> **TASK TO COMPLETE**: The data below contains pictures, which are to be skipped; the lines starting at the line with "Po krótkiej przemowie" and ending at the line with "In a private, no-press" are to be output exactly, both ends included.

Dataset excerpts

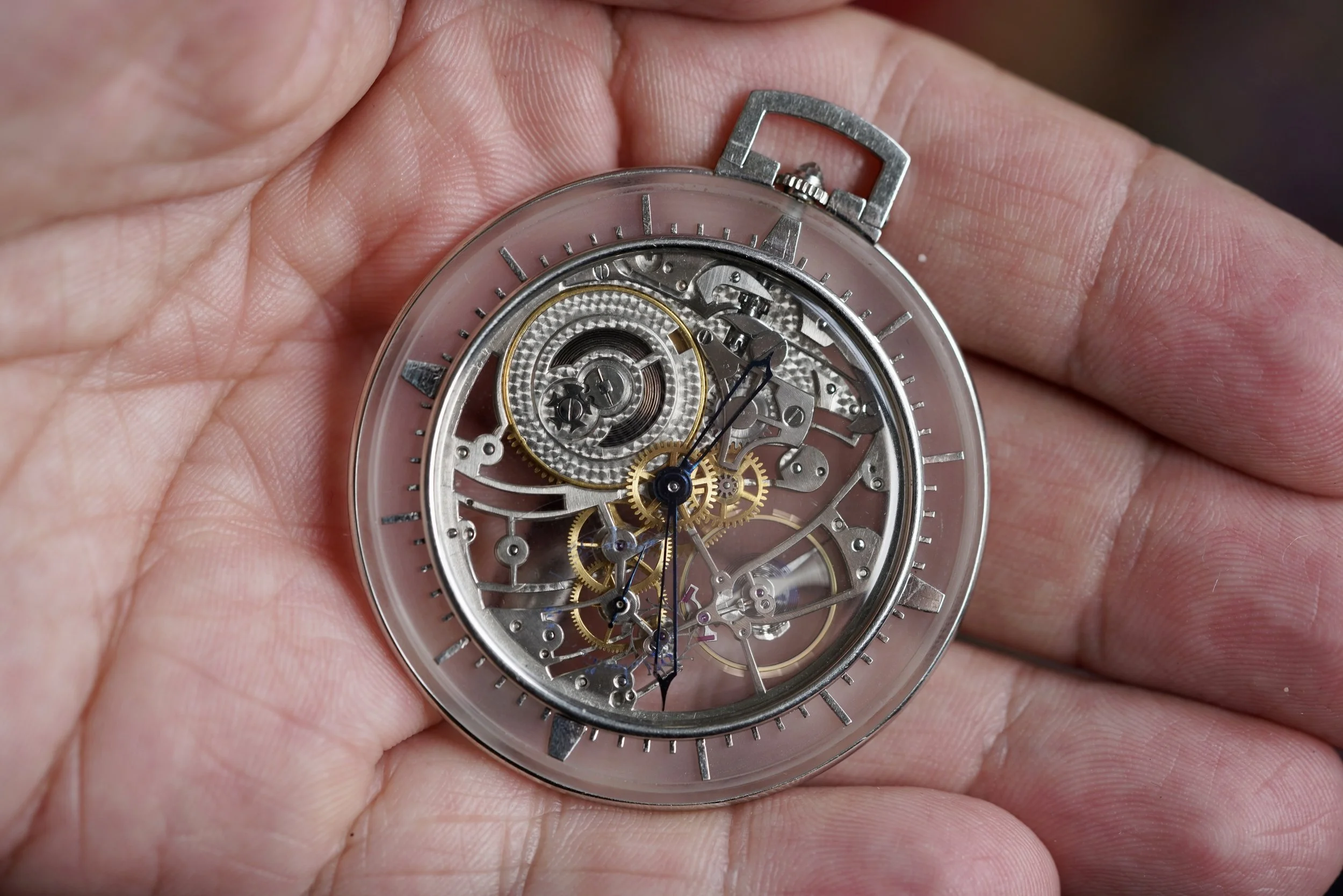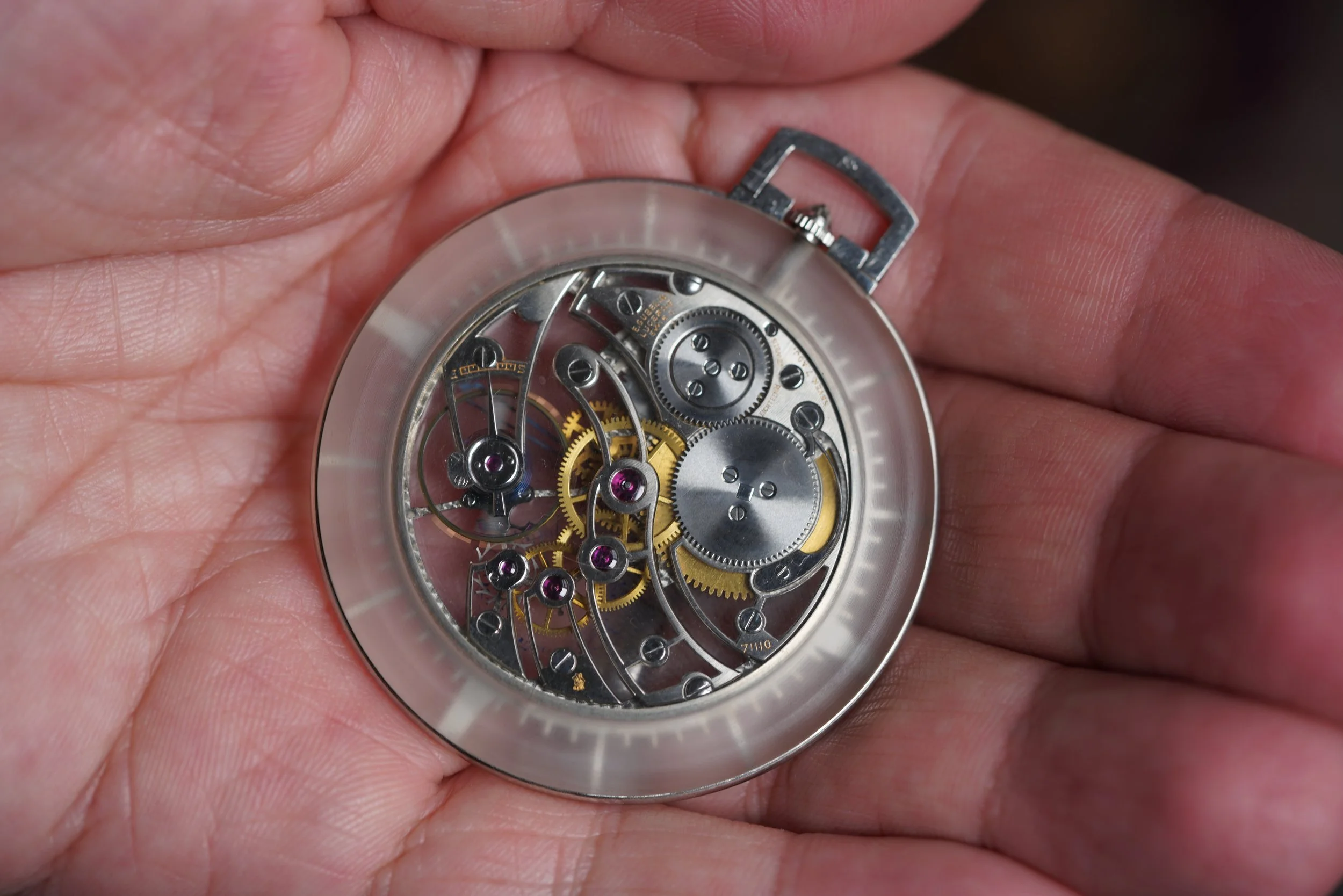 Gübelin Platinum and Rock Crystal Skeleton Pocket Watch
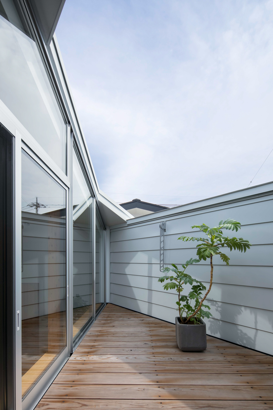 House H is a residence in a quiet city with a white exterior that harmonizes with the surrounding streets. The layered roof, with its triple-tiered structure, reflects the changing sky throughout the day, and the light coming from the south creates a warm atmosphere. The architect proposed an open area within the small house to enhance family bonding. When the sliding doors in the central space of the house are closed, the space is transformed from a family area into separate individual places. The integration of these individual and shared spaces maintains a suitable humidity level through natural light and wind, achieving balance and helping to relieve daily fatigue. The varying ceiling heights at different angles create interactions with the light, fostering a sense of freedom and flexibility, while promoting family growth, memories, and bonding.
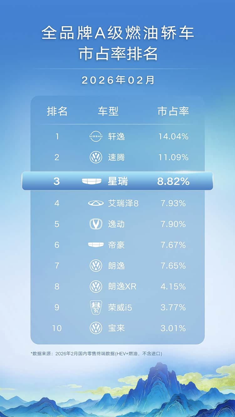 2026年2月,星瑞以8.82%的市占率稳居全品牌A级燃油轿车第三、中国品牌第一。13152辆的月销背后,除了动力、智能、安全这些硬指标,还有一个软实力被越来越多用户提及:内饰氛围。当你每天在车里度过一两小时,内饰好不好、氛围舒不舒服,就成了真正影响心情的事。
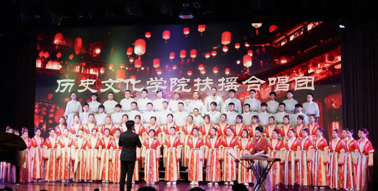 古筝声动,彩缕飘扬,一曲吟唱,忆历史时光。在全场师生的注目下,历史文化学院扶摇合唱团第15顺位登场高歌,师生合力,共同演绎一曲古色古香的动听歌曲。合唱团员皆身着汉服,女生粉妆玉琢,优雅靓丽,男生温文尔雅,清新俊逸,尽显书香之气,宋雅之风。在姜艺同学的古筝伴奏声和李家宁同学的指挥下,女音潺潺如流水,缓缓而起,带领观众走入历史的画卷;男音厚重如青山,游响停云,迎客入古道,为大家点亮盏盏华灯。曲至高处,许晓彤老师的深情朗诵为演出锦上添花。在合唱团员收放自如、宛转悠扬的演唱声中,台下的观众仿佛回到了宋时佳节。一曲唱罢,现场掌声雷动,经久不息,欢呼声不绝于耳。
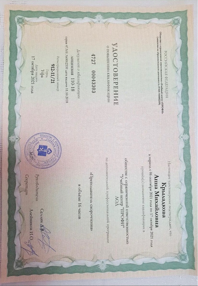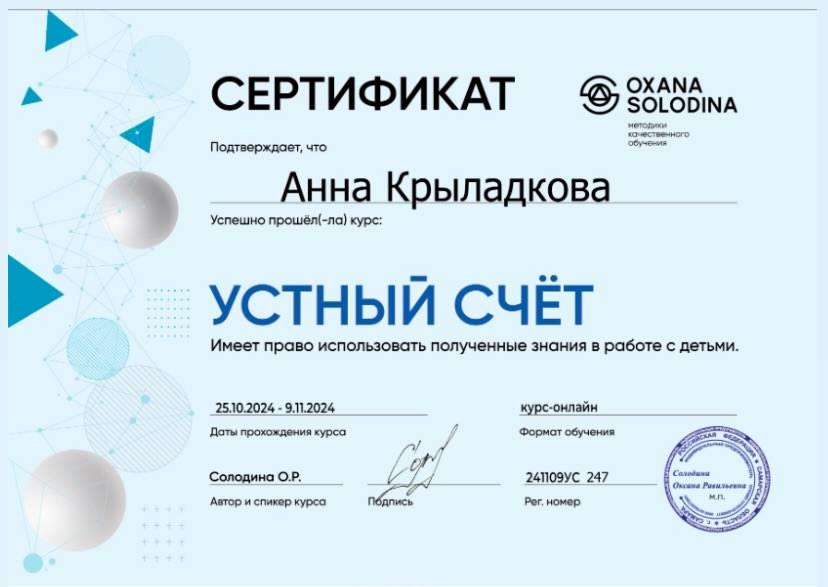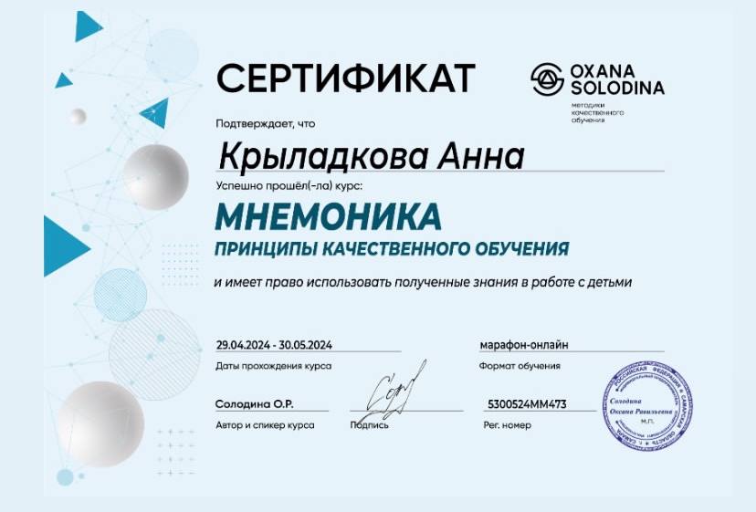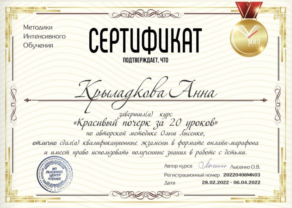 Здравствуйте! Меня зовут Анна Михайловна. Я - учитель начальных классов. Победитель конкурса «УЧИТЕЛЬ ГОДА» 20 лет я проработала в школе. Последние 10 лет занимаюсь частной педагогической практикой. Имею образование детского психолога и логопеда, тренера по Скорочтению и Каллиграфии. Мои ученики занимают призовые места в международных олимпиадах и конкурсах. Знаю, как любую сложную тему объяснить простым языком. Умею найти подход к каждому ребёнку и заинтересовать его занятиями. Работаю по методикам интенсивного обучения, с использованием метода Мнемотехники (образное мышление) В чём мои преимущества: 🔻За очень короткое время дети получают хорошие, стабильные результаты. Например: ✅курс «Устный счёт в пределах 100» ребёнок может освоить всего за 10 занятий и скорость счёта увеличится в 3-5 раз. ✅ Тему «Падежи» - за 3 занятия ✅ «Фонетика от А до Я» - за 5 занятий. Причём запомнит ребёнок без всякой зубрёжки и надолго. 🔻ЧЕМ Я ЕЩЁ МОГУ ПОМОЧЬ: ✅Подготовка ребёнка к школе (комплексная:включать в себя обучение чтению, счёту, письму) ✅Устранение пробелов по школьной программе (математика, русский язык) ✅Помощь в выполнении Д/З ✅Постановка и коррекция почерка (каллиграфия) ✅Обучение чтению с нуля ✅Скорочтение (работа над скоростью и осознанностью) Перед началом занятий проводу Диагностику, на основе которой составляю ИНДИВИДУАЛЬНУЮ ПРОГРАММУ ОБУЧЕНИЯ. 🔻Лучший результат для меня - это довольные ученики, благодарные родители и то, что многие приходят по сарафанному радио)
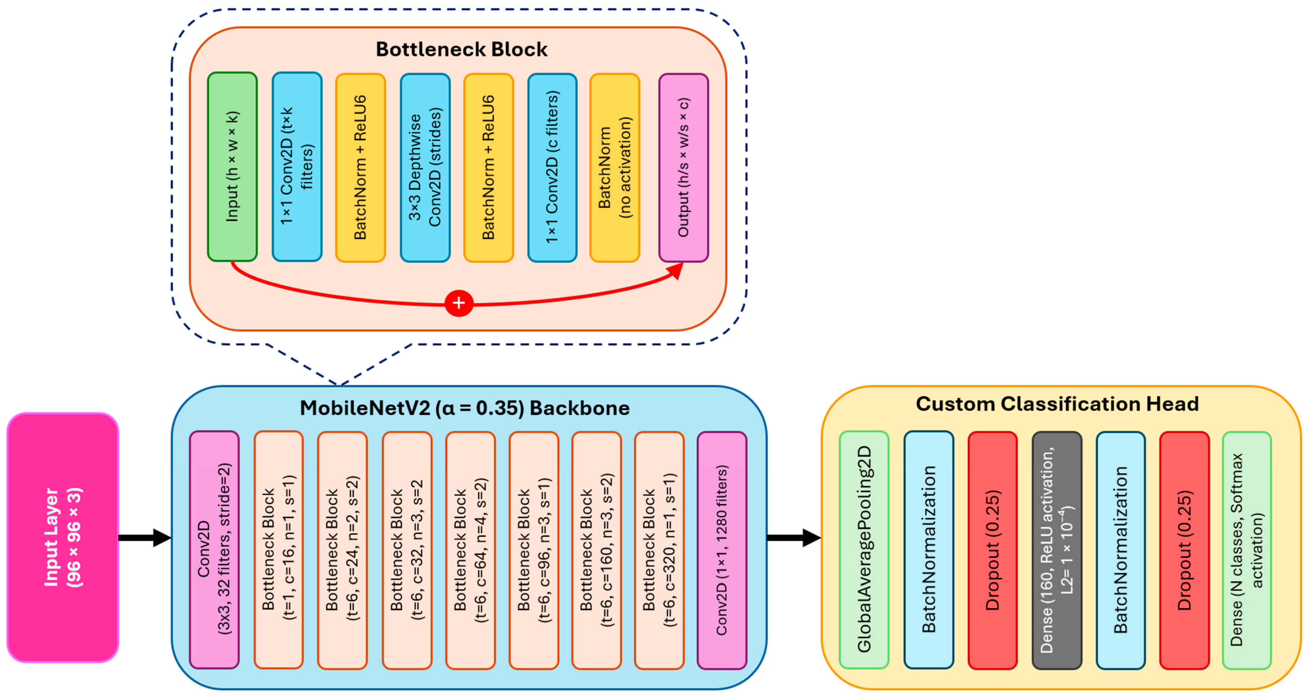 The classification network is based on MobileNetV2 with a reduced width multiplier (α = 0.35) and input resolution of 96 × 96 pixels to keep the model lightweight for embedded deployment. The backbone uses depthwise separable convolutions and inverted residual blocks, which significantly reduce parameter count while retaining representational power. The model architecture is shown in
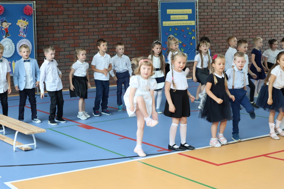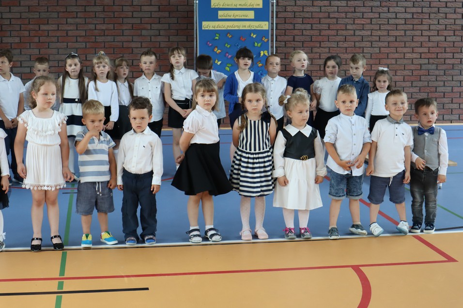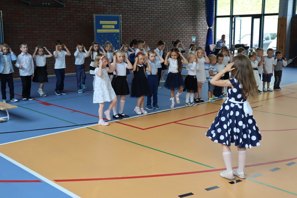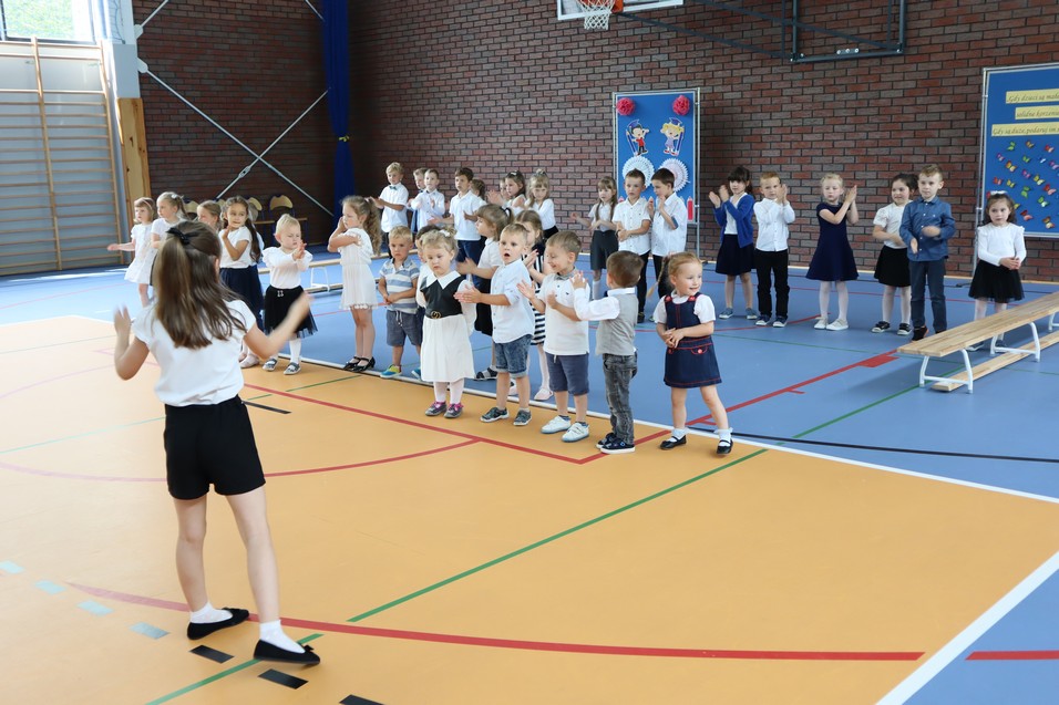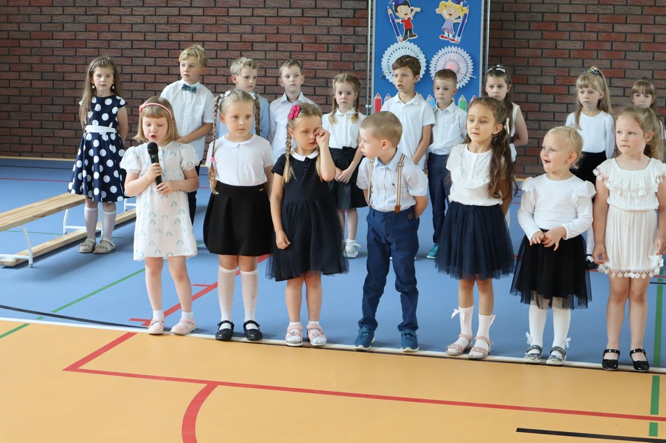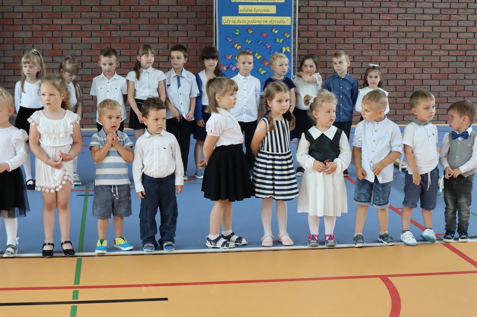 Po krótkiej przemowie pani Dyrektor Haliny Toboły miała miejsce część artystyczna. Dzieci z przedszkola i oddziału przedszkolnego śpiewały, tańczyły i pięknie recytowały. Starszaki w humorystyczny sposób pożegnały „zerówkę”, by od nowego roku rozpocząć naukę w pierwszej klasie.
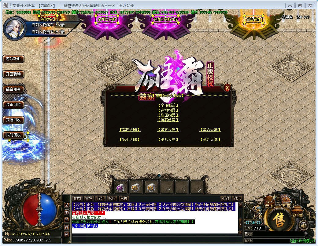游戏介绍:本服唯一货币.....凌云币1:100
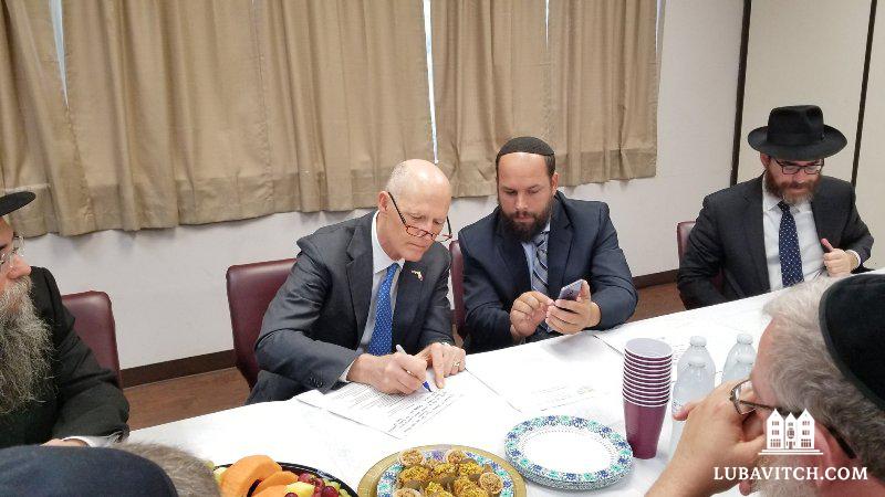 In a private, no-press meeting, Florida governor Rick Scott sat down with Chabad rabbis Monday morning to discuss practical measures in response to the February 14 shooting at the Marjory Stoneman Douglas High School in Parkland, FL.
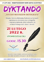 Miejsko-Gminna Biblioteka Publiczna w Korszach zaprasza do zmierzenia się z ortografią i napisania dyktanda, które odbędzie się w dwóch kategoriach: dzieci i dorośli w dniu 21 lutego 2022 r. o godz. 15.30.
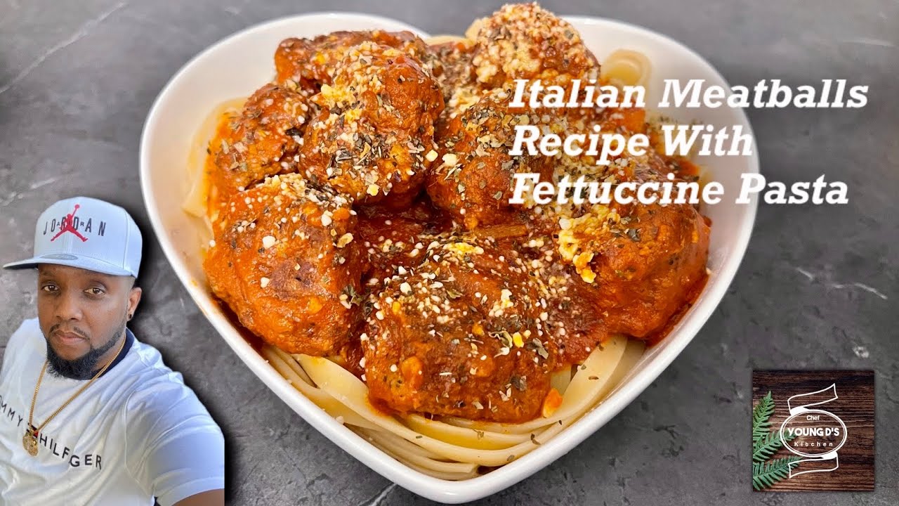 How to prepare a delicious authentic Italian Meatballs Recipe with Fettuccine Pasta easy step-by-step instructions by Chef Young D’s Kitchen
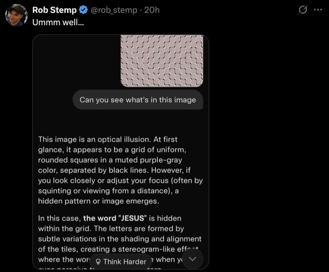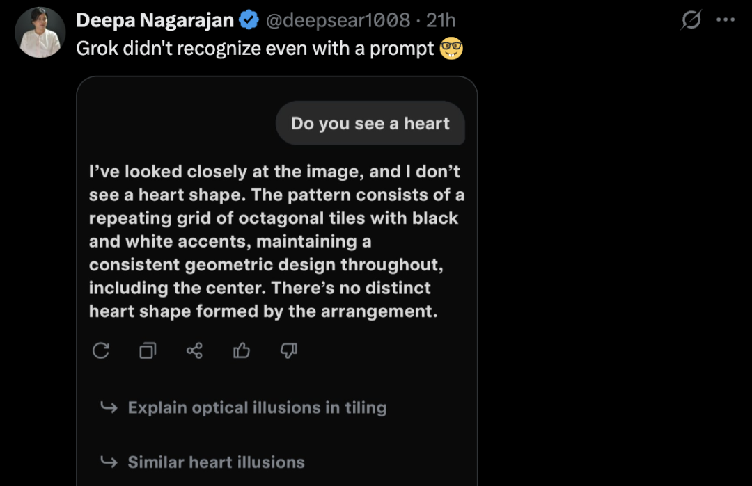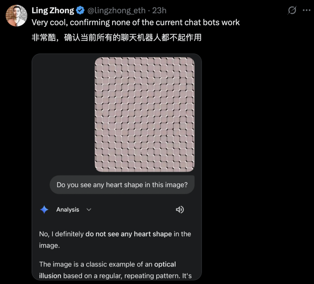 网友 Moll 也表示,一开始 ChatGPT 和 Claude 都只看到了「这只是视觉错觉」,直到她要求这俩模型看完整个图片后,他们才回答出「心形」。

> **RESPONSE**:
 Po krótkiej przemowie pani Dyrektor Haliny Toboły miała miejsce część artystyczna. Dzieci z przedszkola i oddziału przedszkolnego śpiewały, tańczyły i pięknie recytowały. Starszaki w humorystyczny sposób pożegnały „zerówkę”, by od nowego roku rozpocząć naukę w pierwszej klasie.
游戏介绍:本服唯一货币.....凌云币1:100
 In a private, no-press meeting, Florida governor Rick Scott sat down with Chabad rabbis Monday morning to discuss practical measures in response to the February 14 shooting at the Marjory Stoneman Douglas High School in Parkland, FL.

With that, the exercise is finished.